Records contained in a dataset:
=== Begin Enclosure ===

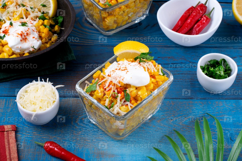 Эскиты, кукуруза на гриле, подается с сыром, сметаной и порошком чили в стеклянной чашке на синем столе. Мексиканская уличная еда. Кукурузная чашка Элоте
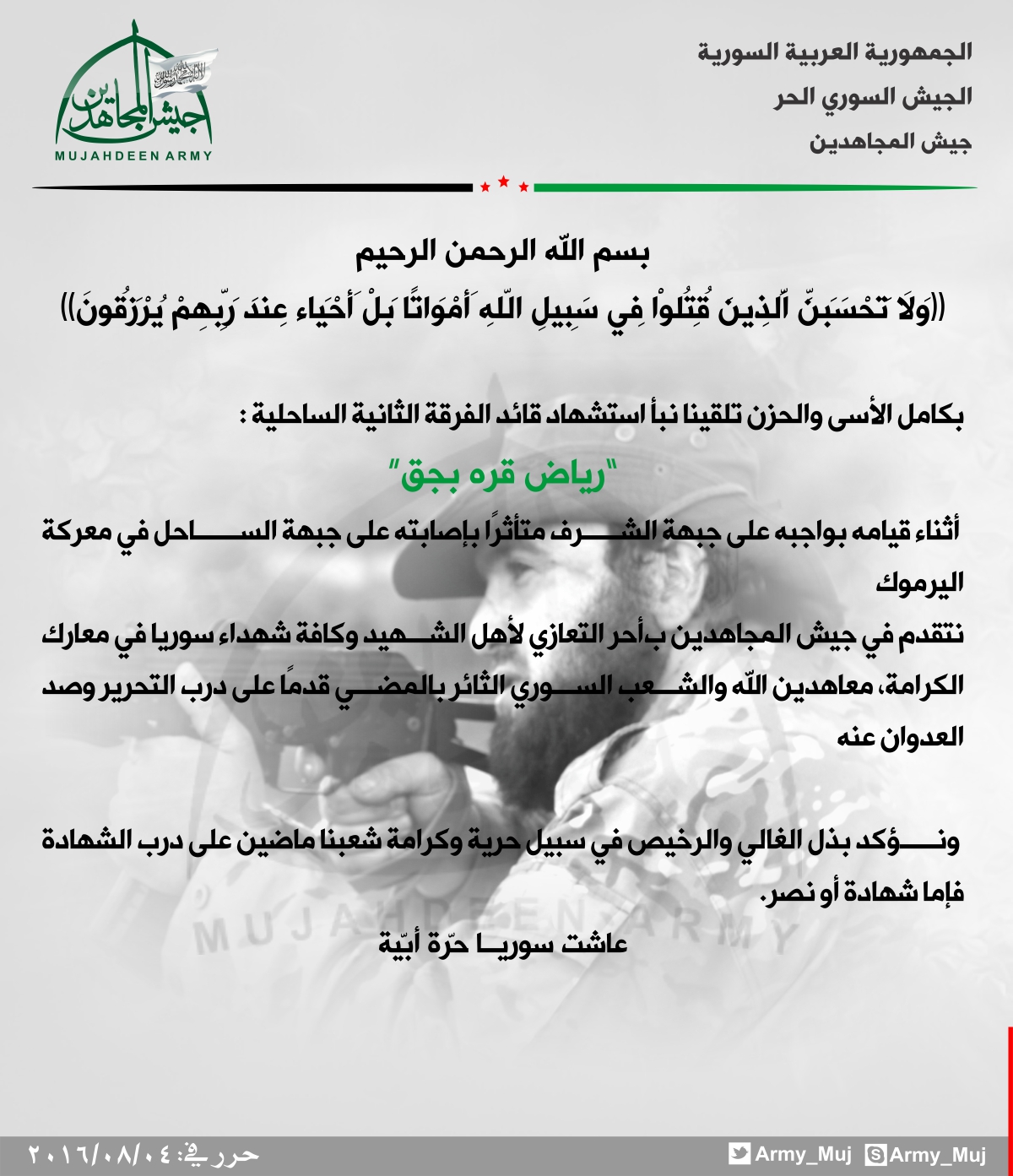 جيش المجاهدين يعزي الفرقة الثانية الساحلية باستشهاد قائدها رياض قرة بجق
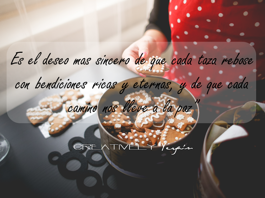 "Que el próximo año esté lleno de bendiciones, de sueños por soñar, de nuevos caminos por recorrer, de salud para brindar, de amor para llenar el alma, de canciones que enriquezcan el sonido de la vida, de amaneceres llenos de sol y anocheceres llenos de luna, de abrazos que abracen la vida, y sobre todo el amor y la paz de Dios que sobre pasa TODO entendimiento.
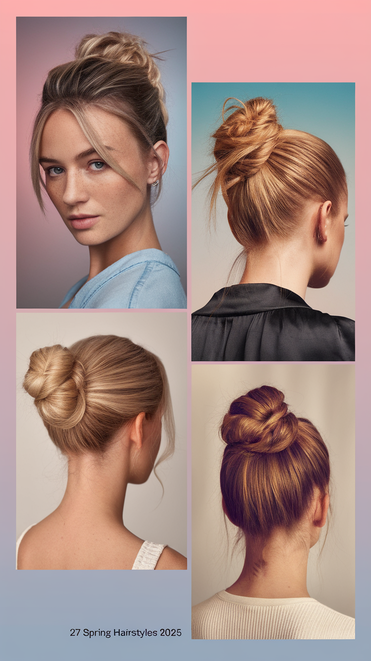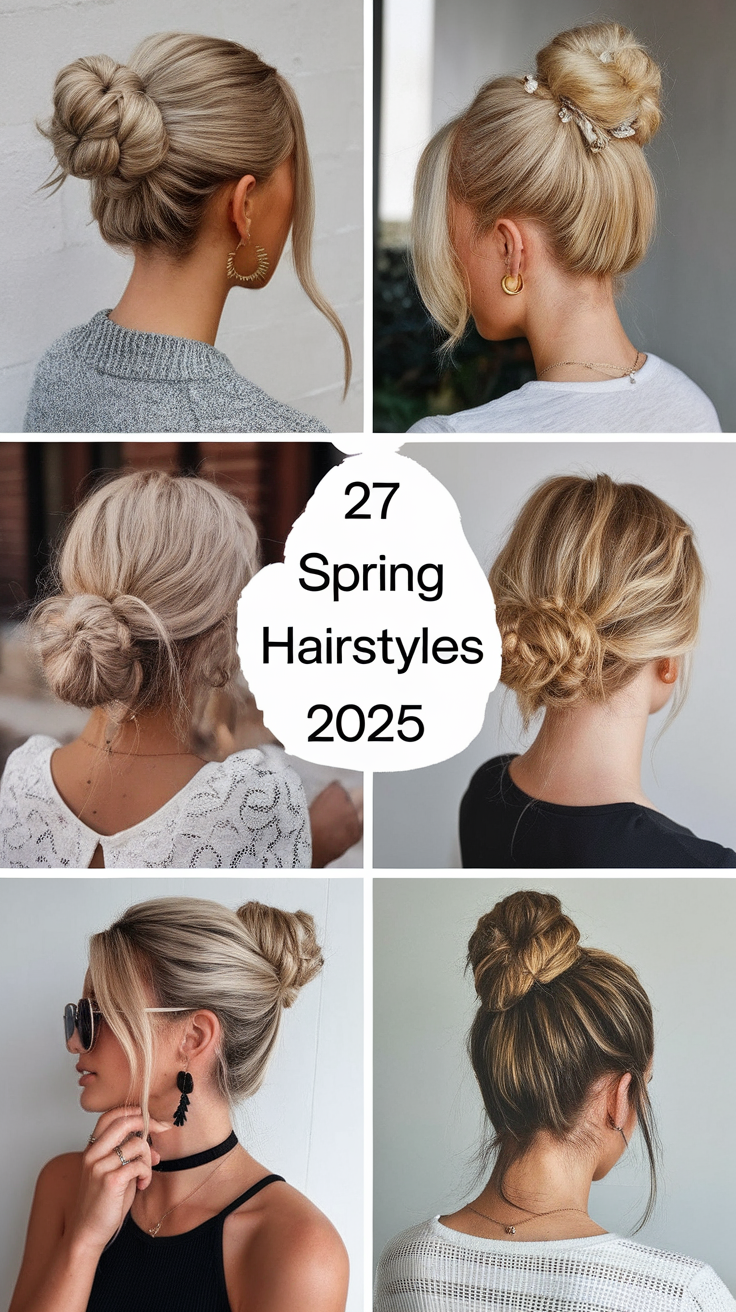 A chic high bun with plenty of volume is an easy and polished option for spring. This look works well with medium or long hair and features soft, face-framing tendrils for a touch of elegance. Perfect for both casual outings and formal events, this style is simple yet timeless.
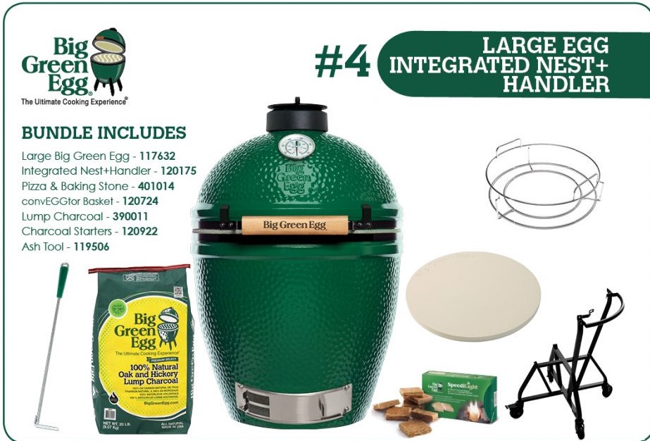 Bundle includes - Large BGE, Integrated Nest + Handler, Pizza & Baking Stone, COnveggtor Basket, 9kg Lunp Charcoal, Charcoal Starters & Ash Tool.
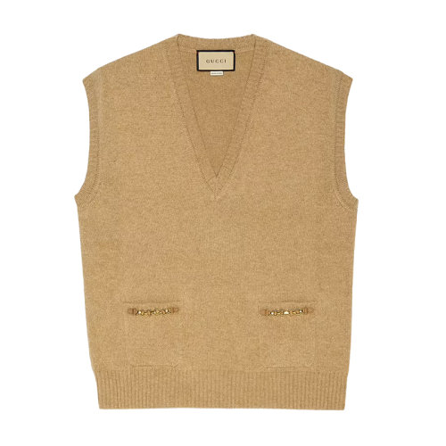GUCCI/古驰 女士驼色饰链条细节纯羊绒马甲678443XKB1R2184
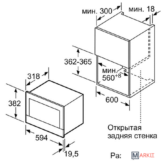 | Размеры ниши для встраивания | |
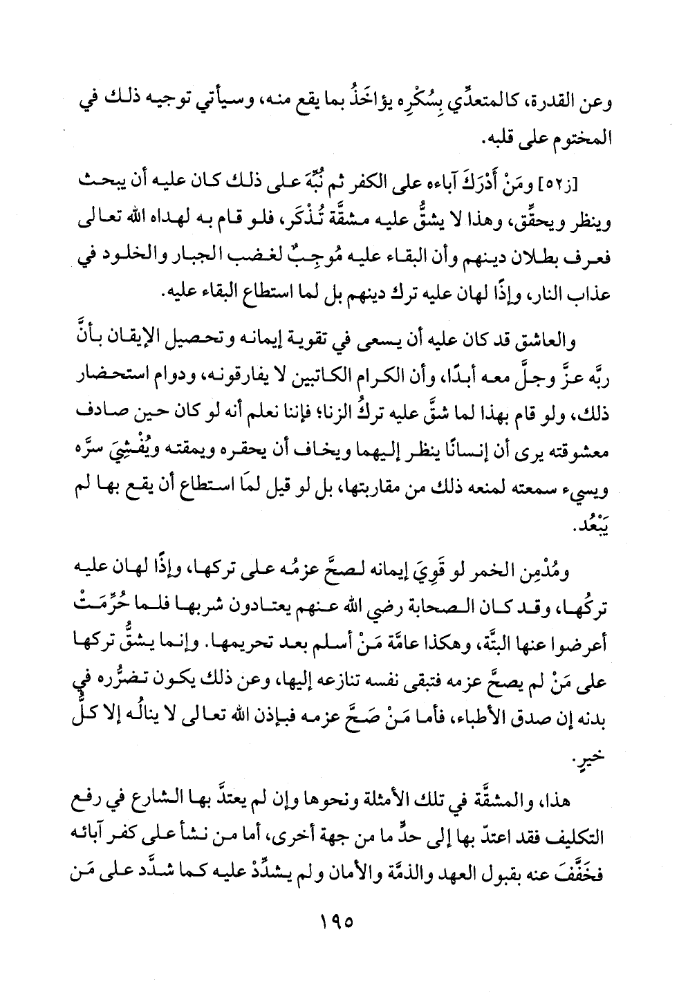ومُدْمِن الخمر لو قَوِيَ إيمانه لصحَّ عزمُه على تركها، وإذًا لهان عليه تركُها، وقد كان الصحابة رضي الله عنهم يعتادون شربها فلما حُرِّمَتْ أعرضوا عنها البتَّة، وهكذا عامَّة مَنْ أسلم بعد تحريمها. وإنما يشقُّ تركها على مَنْ لم يصحَّ عزمه فتبقى نفسه تنازعه إليها، وعن ذلك يكون تضرُّره في بدنه إن صدق الأطباء، فأما مَنْ صَحَّ عزمه فبإذن الله تعالى لا ينالُه إلا كلُّ خيرٍ.

=== End Enclosure ===

**Instructions for the task**
Working from the data above, repeat exactly, and only, the lines that begin at the line containing "GUCCI/古驰 女士驼色饰链条细节纯羊绒马甲678443XKB1R2184" and stop after the line containing "встраивания | |"; pictures are not copied.

**Response**
GUCCI/古驰 女士驼色饰链条细节纯羊绒马甲678443XKB1R2184
 | Размеры ниши для встраивания | |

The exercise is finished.